[lbo-talk] Re: Inorganic Intellectuals and the Mythical Ideal of the Marxist

Jim Straub rustbeltjacobin at gmail.com
Sun Jan 14 13:14:12 PST 2007


Actually, I'd add at least Bolivia to the list. Anti-colonial revolt doesn't explain three hundred years of Bolivian miners in non-stop struggle against their state. Probably also modern chile until the eighties, too.

You're... not a marxist?

I myself have actually read very little marx. I keep putting it off. Mike Davis has definitely inspired me to add the eighteenth brumaire to my reading list, though. I'm excited to be able to call republican voters "fundmanetally like a sack of potatoes", re that tract.

There are plenty of caveats to be made of your description of left and the US. The left has been the mainstream of thought for the black community, and in certain regions at certain times (the industrial midwest from 36-60s), and the mainstream of thought of the insurgent minority of america that was in revolt in the late sixties.
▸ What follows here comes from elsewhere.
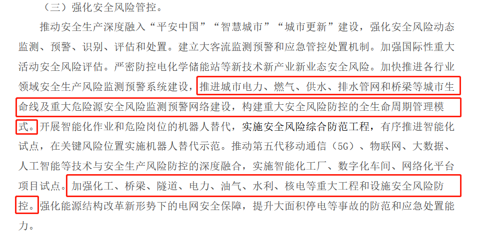 根據(jù)《十四五國家安全生產(chǎn)規(guī)劃》中提出,推動安全生產(chǎn)深度融入“平安中國”“智慧城市”“城市更新”建設(shè),強化安全風險動態(tài)監(jiān)測、預警、識別、評估和處置。推進城市電力、燃氣、供水、排水管網(wǎng)和橋梁等城市生命線及重大危險源安全風險監(jiān)測預警網(wǎng)絡(luò)建設(shè),構(gòu)建重大安全風險防控的全生命周期管理模式。

But given those substantial challenges, what I have a problem with is the manner in which today's leftists seem to secretly revel in their irrelevancy, and strive to make their movement smaller, less popular, more isolated. It is analagous to the twenties, when left intellectuals chose literal or figurative exile from a country enthralled with capital, fundamentalist christianity, etc. We can do better.

The only country in the world where the mythical ideal of the Marxist
> tradition -- the working class in class struggle with their own
> domestic ruling class -- has been organic to the working class is
> France, where politics -- from 1789 to 1968 -- approximates that
> mythical ideal the best. Social revolutions on the Left in other
> places have been peasant and/or anti-colonial/neo-colonial ones. That
> is not surprising, for Marx developed his thought by examining Germany
> philosophy, English economy, and _French politics_.